During her first month in the Netherlands, Dorina Pojani says her legs were covered in bruises. Although she learned how to ride a bike in Albania when she was nine, she had not ridden in almost 20 years.
After a number of minor accidents during her early days in Delft, she says things have gotten better. “I never engage in acrobatics like no hands riding or trying to fit in narrow spaces between two moving delivery trucks,” she says.
Name: Dorina Pojani (Albania, Urbanism, Postdoc)
Price: Around €300
Brand: Giant
Striking Feature: 21 gears
That’s a good thing, because Pojani loves her bike. “It’s beautiful,” she says. “It’s the first bike that is all mine. I always had to share or borrow a bike before.” She describes the bike as a cross between a city and mountain bike. And although it has 21 gears, she says she only uses one.

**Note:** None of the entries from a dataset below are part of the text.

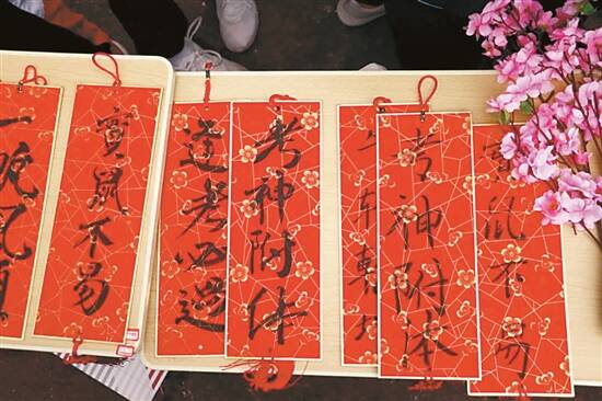 有书法才艺的同学“赚翻”了,“考神附体,逢考必过”的对联成为抢手货;“吃货”同学自制奶茶,真材实料又健康少糖,现场排队火爆不输网红奶茶店;有艺术细胞的同学自制各种小手工小摆件,其中环保袋上画“上马”寓意有趣,大受欢迎。
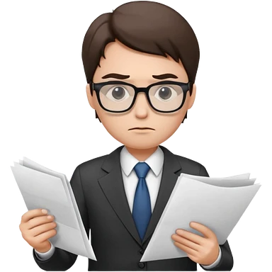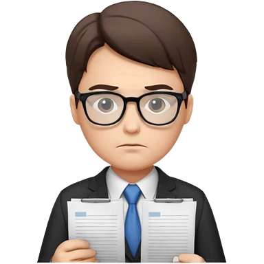 Frowns with Glasses, Office Boss: Business outfit, holding papers, frowning behind glasses, serious look emoji
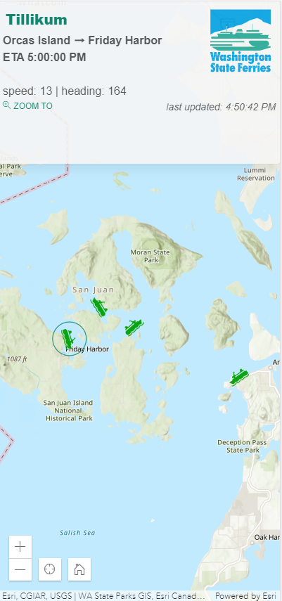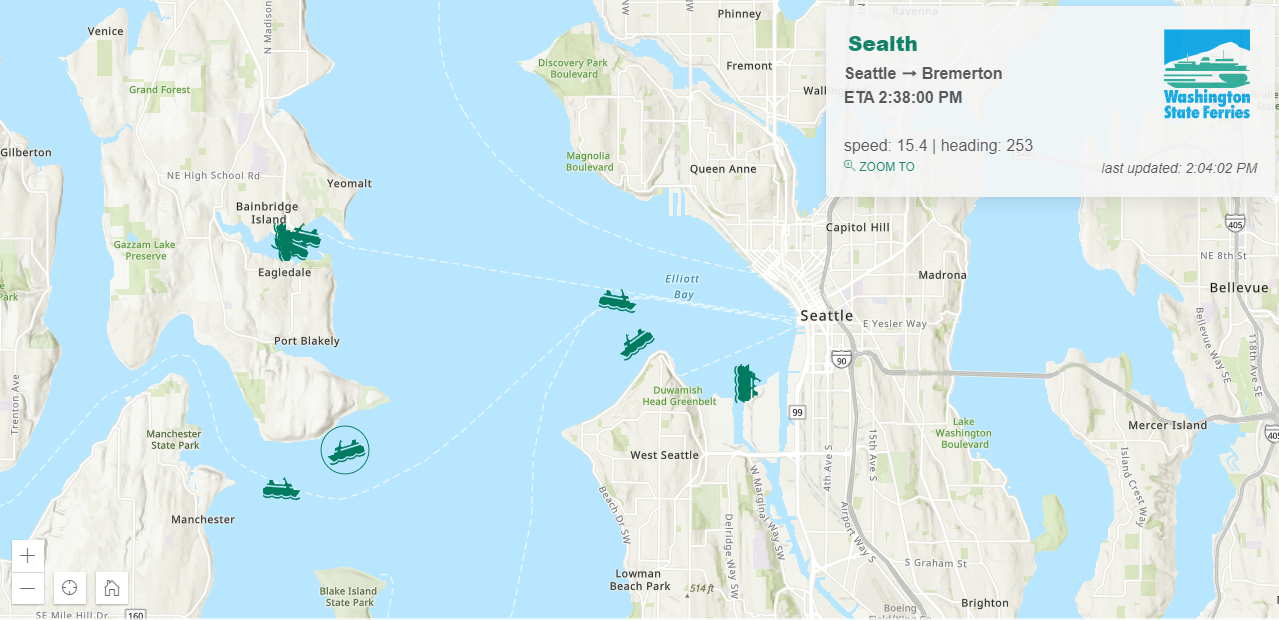 The application is exactly what it says on the package: a web mapping application that shows real-time location and schedule details for individual vessels in the Washington State Ferry System. I consider 8 seconds to be real-time — and if you miss your boat because of an 8-second lag, my friend, you are cutting it way too close.
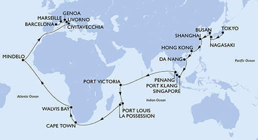 - Body vo vernostnom programe MSC Voyagers Club (od 200 bodov za plavbu).
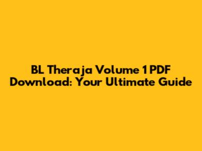 BL Theraja Vol 1 PDF: Your Free Download Guide
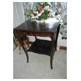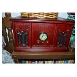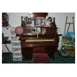 Antique Furniture, Glassware, and other Collectibles Petite Oak Triple Curved glass china cabinet w/ lions heads and paw feet Nice Oak Secretary bookcase Very Unusual Mechanical Orguinette Co. N.Y. Music Roll player Fancy Victorian parlour organ Oak Parlour Table Athens Anniversary Clock American Fostoria cake stand Coin pattern bowl JoHann Haviland Floral China Several pieces of good pattern glass Set of White China w/ gold band Large China Soup Tureen White Pitcher and bowl China Creamer and Sugar Large Tole painted Circular Saw blade Record Albums 3 Antique Oil Lamps Unusual Child Sled Sno-ter
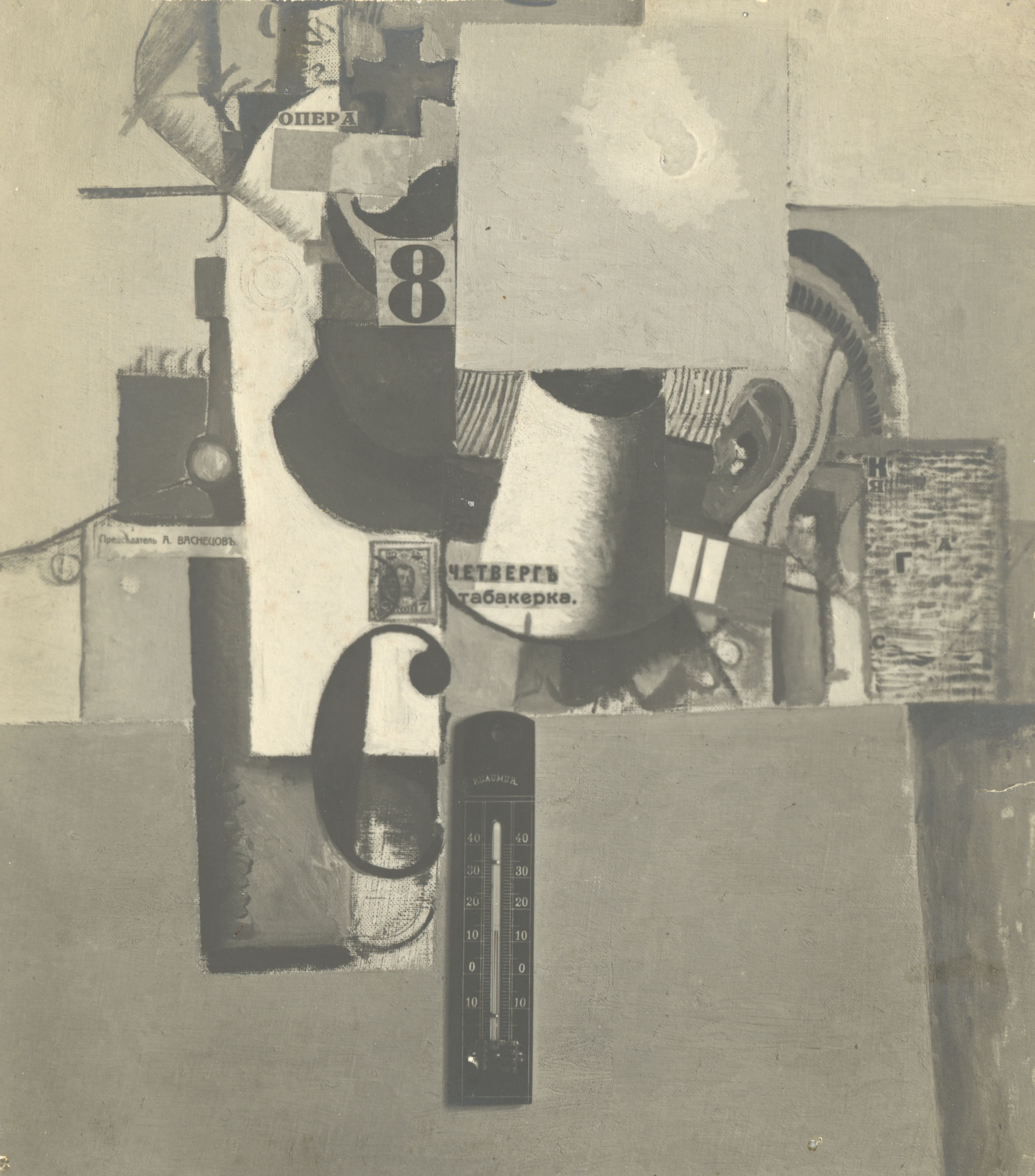 Ασπρόμαυρη φωτογραφική αναπαραγωγή του έργου του Καζιμίρ Μαλέβιτς με τίτλο "Στρατιώτης πρώτης γραμμής" (Ratnik 1-go razriada). Πρόκειται για κυβοφουτουριστική σύνθεση στο κέντρο της οποίας διακρίνεται ένα θερμόμετρο, ένα γραμματόσημο, καθώς και οι λέξεις Четвергъ, табакерке και ο αριθμός 8.
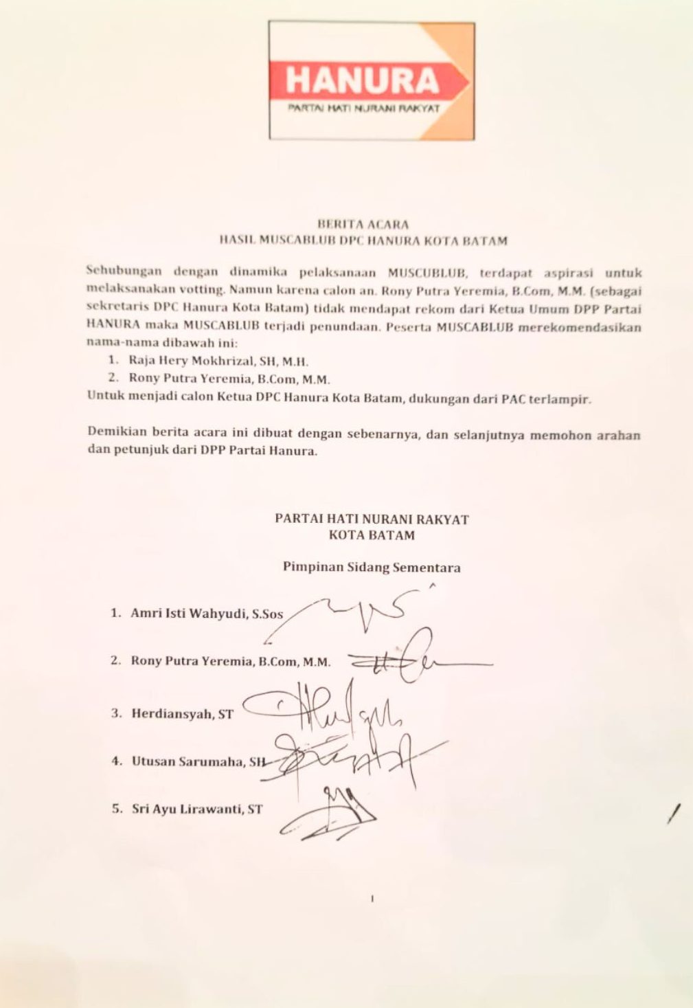Berita acara itu diteken oleh lima pimpinan sidang sementara termasuk Plt Ketua DPC Partai Hanura Batam Amri Isti Wahyudi. Ketua dan/atau sekretaris PAC pun ikut menandatangani. (Aman)
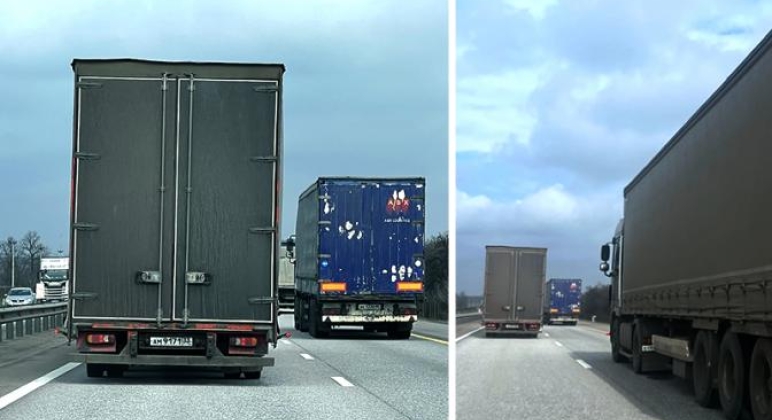 В лучшем случае, фуры двигаются одним рядом колес по центру правой полосы, а другим по обочине. Что чрезвычайно опасно, особенно на мокрой дороге.

Pojani lives in Delft and makes her daily commute to work on her red and silver bike. “My Dutch colleagues say that I bike so slow I defy gravity,” she says. “My commute takes me about 20 minutes each way but a Dutch coworker, who is also my neighbor, claims that he gets to work in just five minutes by bike.”
Cycling is one of the things Pojani likes the most about life in the Netherlands. But she does have a word of warning for newcomers. Aside from the risk of your bike being stolen, Pojani says your bike can also be removed by parking police if you park in inappropriate places. “It happened to me this summer at the Delft train station,” she says. “One evening, I returned from a work trip and the bike, which I had tied to a post with a thick chain that morning, had vanished.”
After some investigating, Pojani learned that her bike ended up at the Fiets Depot in Den Haag. “It costs €25 to retrieve the bike but the service is impressive,”states Pojani. “As soon as the bike is clamped, a photo is taken and placed on the website along with data such as the make, the colour, the frame number, etc. That way you can recognize your baby among the thousand inmates at the depot. They even offer you coffee while you’re waiting for the paperwork to be processed!”